An 100% ethanolic extract of R. palmatum root showed a MIC of 500 mg/L for P. gingivalis ATCC 33277 in a previous study [29]. In our study, a 80%/50% R. palmatum root extract had the highest antimicrobial activity of all the extracts tested, with a MIC of 4 mg/L. The difference might be partially explained by the higher inoculum of 0.2 OD660 used by Liao et al. [29].

It was suspected that the antimicrobial activity of R. palmatum root extracts against P. gingivalis was partially derived from the presence of the anthraquinone rhein [29]. In a study by Azelmat et al., rhein showed a MIC of 2.5 mg/L for P. gingivalis ATCC 33277 [28]. In our study, we measured a MIC of 0.125 mg/L for rhein, which again can be partially explained by the higher inoculum of 0.2 OD660 used by Azelmat et al. [28].

A study investigating the antimicrobial activity of R. palmatum root extract demonstrated that anthraquinones others than rhein, such as emodin, aloe-emodin, physcion and chrysophanol, inhibited the growth of Salmonella Typhimurium [37]. Rhein had the lowest MIC against S. Typhimurium. In our study, the comparison of the UV signal levels between the rhubarb root and the pure rhein sample indicated a rhein concentration of 5% in the R. palmatum extract. This nicely correlated with the BMD results, where the MIC ratio of the R. palmatum extract (4 mg/L) and rhein (0.125 mg/L) was 32. Therefore, we hypothesize that in our setting, rhein might have been responsible for a relevant part of the antimicrobial activity.

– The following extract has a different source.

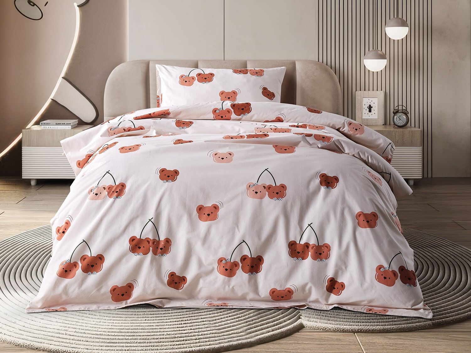 Ranforce Joyful Bearberry комплетот за постелнина, изработен од природен памучен конец, нуди удобно искуство на спиење со својата мека текстура и способност за дишење. Со модерните дезени и пастелните тонови, му дава свежина и елегантен изглед на вашата спална соба. Благодарение на издржливата ткаенина, обезбедува долготрајна употреба и лесно се чисти.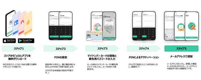 『xIDアプリ」は、マイナンバーカードと連携することで、より手軽に本人確認、本人認証、電子署名ができるデジタルIDアプリです。初回登録時にマイナンバーカードの署名用電子証明書をスマートフォンのNFCで読み取り、本人確認を実施することでIDを生成。以降、xIDアプリを使って電子認証・電子署名を行うことで、金融サービス利用開始時の本人確認や行政手続きをオンラインで完結させることができます。

However, the major compounds of the R. palmatum root extract were not further separated and purified.

In a study investigating 56 clinical isolates of P. gingivalis, the MIC90 for amoxicillin/clavulanic acid was 0.5/0.25 mg/L, for clindamycin 0.25 m/L and for metronidazole 2 mg/L [38], which is interpreted as susceptible for systemic use according to CLSI 2021 [39]. Therefore, the local application of R. palmatum root extract, for which we determined a MIC of 4 mg/L, might be promising in inhibiting the growth of P. gingivalis in vivo. However, when treating periodontitis, it must be considered that the antimicrobial effect on the bacteria in biofilms cannot be necessarily inferred from the growth inhibitory effect on planktonic cells. Further, periodontitis is a multifactorial process that is not caused by P. gingivalis alone [8]. Given the potential toxicity and carcinogenicity of R. palmatum [40], local tolerance of R. palmatum root extracts has to be demonstrated. Further, their clinical efficacy remains to be shown before they could become an alternative to CHX. At least, the in vitro MIC of CHX for P. gingivalis ATCC 33277 was reported to be 4 mg/L [41], which is the same as for the R. palmatum root extract tested in our study.

5. Conclusions

Extracts of E. globulus, A. indica (neem), G. glabra (licorice), R. palmatum (rhubarb) and rhein showed antimicrobial activity against P. gingivalis, making them promising candidates for further study in the treatment of periodontitis. The lowest MIC of all plant extracts was found for the R. palmatum extract (4 mg/L) and for the anthraquinone rhein (0.125 mg/L). The R. palmatum extract had a rhein concentration of 5%. The MIC ratio of both of them was 32. Therefore, we hypothesize rhein might have been responsible for a relevant part of the antimicrobial activity. However, the major compounds of the R. palmatum root extract were not further separated and purified.